The House of the Seven Gables is the central organizing symbol of this novel. It stands for the Pyncheon family as a whole: the Pyncheon family’s fight with Matthew Maule, the past, and the Pyncheon family’s evil fate. 

Born in Salem, Massachusetts in 1804, Nathaniel Hawthorne was a descendant of one Judge Hathorne who had been a member of the tribunal that sentenced 20 people to death for witchcraft in 1692. As readers of The House of the Seven Gables will soon discover, the family history loomed large in Hawthorne’s mind. He was raised as a strict Puritan, leaving the young Hawthorne with a vivid sense of the total depravity of a fallen and sinful humanity-a theme that surfaces time and again in his work. Indeed, "much of Hawthorne’s fiction made his readers rethink and reexamine the Puritan past" (Hans P. Guth and Gabriele L. Rico, Discovering Literature, Compact Edition; Upper Saddle River, NJ: Prentice Hall, 2000; p. 187). Such reexamination encompassed both Puritanism’s negative and positive legacies.

 Part of Hawthorne’s personal coming to terms with his family’s historical and theological legacy involved his experimentation at Brook Farm, a progressive commune that attracted many of the brightest thinkers of Hawthorne’s day. After about six months, however, he found that he did not fully embrace the idealistic, optimistic, transcendentalist stance of this community.

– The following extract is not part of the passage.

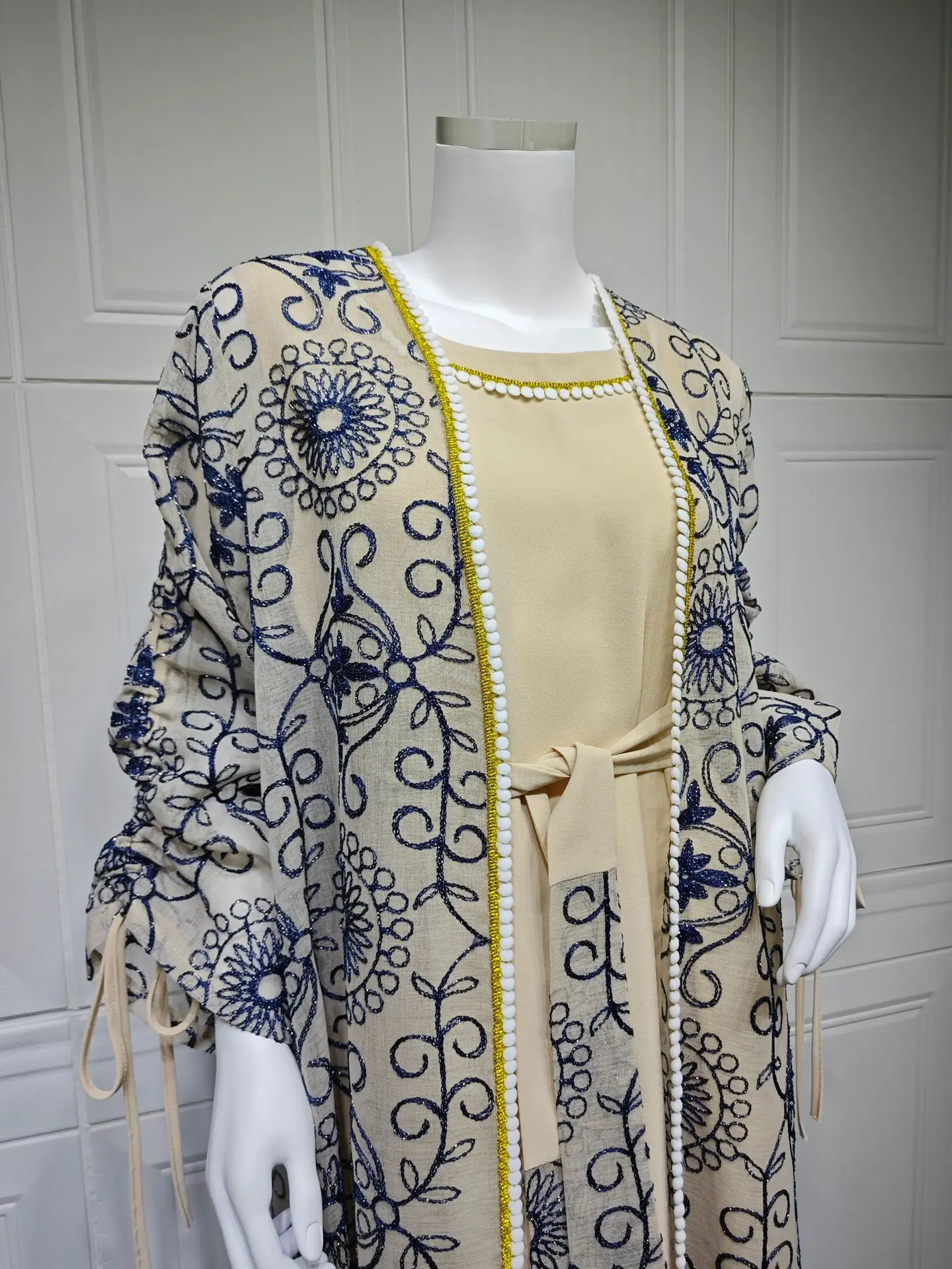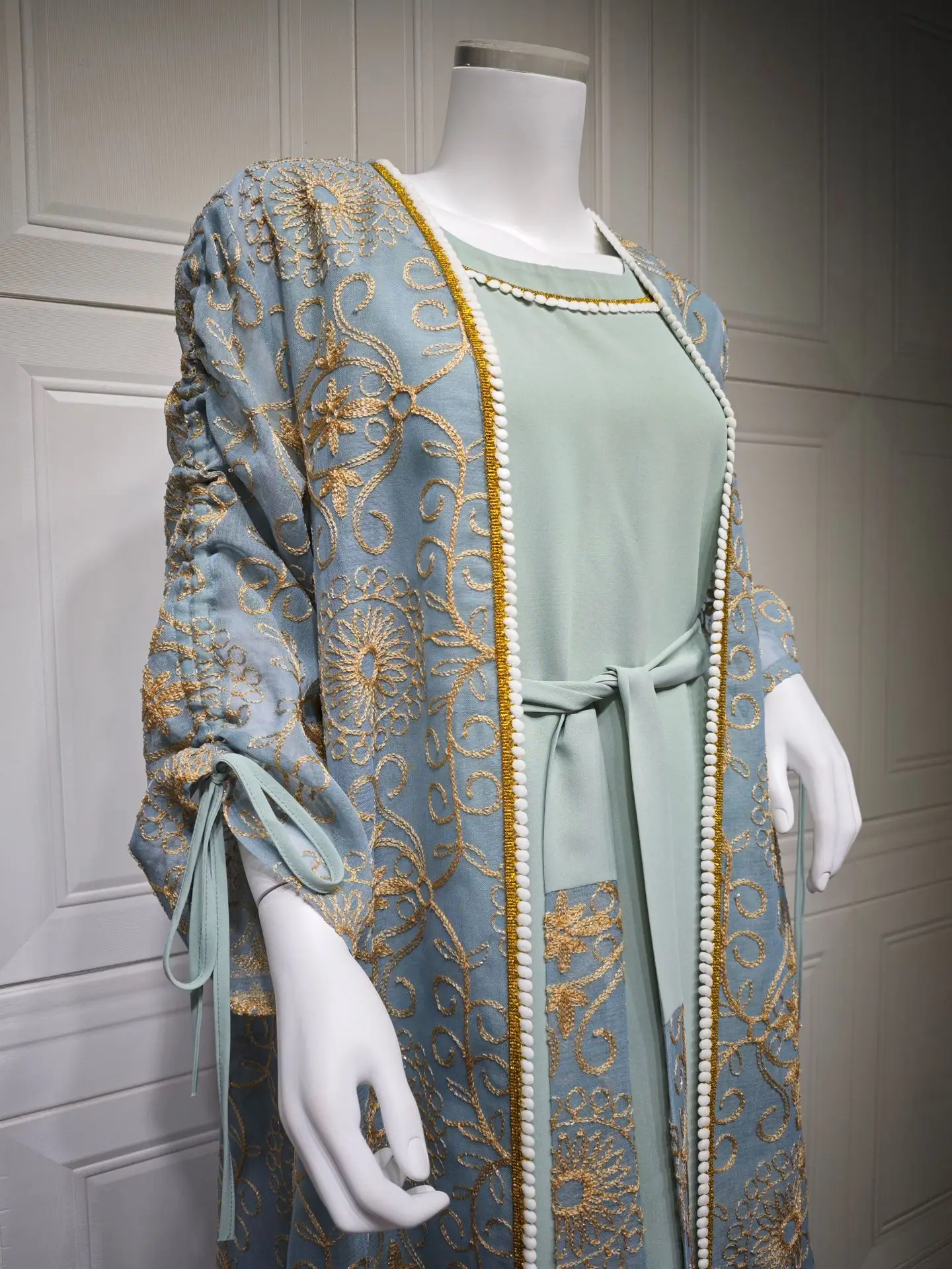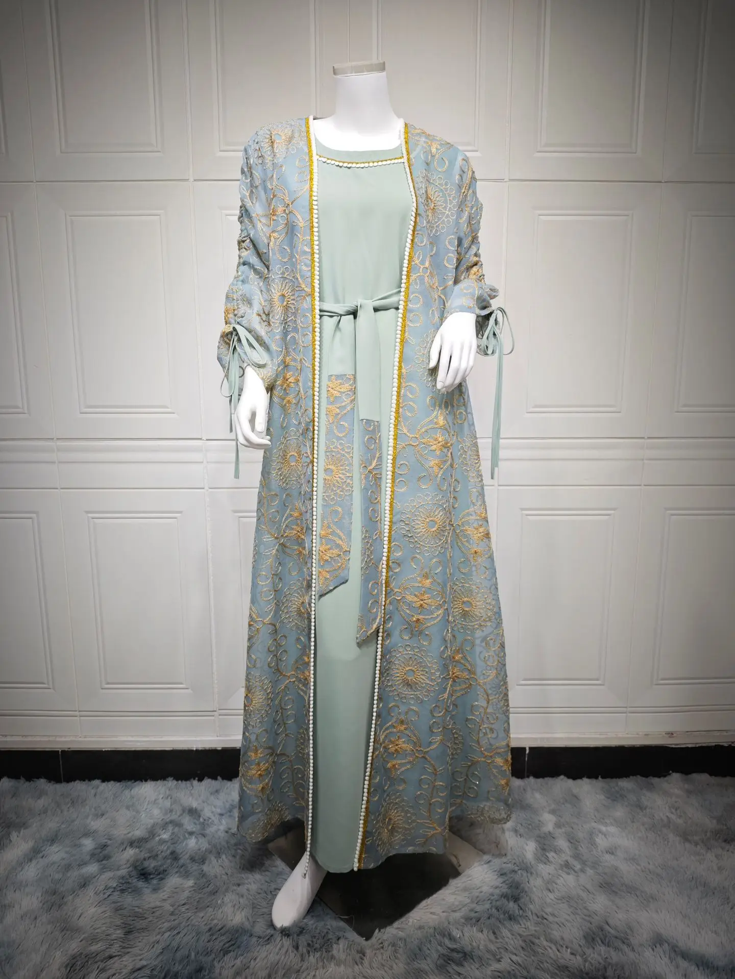 Jalabiya Muslim Dress Middle East Woman Robe Two-piece Set Saudi Arabia Dubai Abaya Evening Dresses Real Picture

Hawthorne and his wife Sophia-upon whom many critics speculate the character of Phoebe in The House of the Seven Gables may be modeled-settled in Salem in 1842, where Hawthorne resumed his previously unsuccessful efforts to support himself as a writer. And although he did have to take a job as surveyor at Salem’s port, his literary fortunes also fared better. His novel The Scarlet Letter (1850) is still considered a foundational masterpiece of American literature. The House of the Seven Gables followed in 1851. Other novels and short stories succeeded these two masterpieces. Additionally, he served as consul in Liverpool, England because of his connection-college friend-to President Franklin Pierce. Another of Hawthorne’s notable friends was Herman Melville, author of Moby-Dick; in fact, Melville dedicated the novel to Hawthorne.

Hawthorne died in 1864 while on a mountain trip with Franklin Pierce.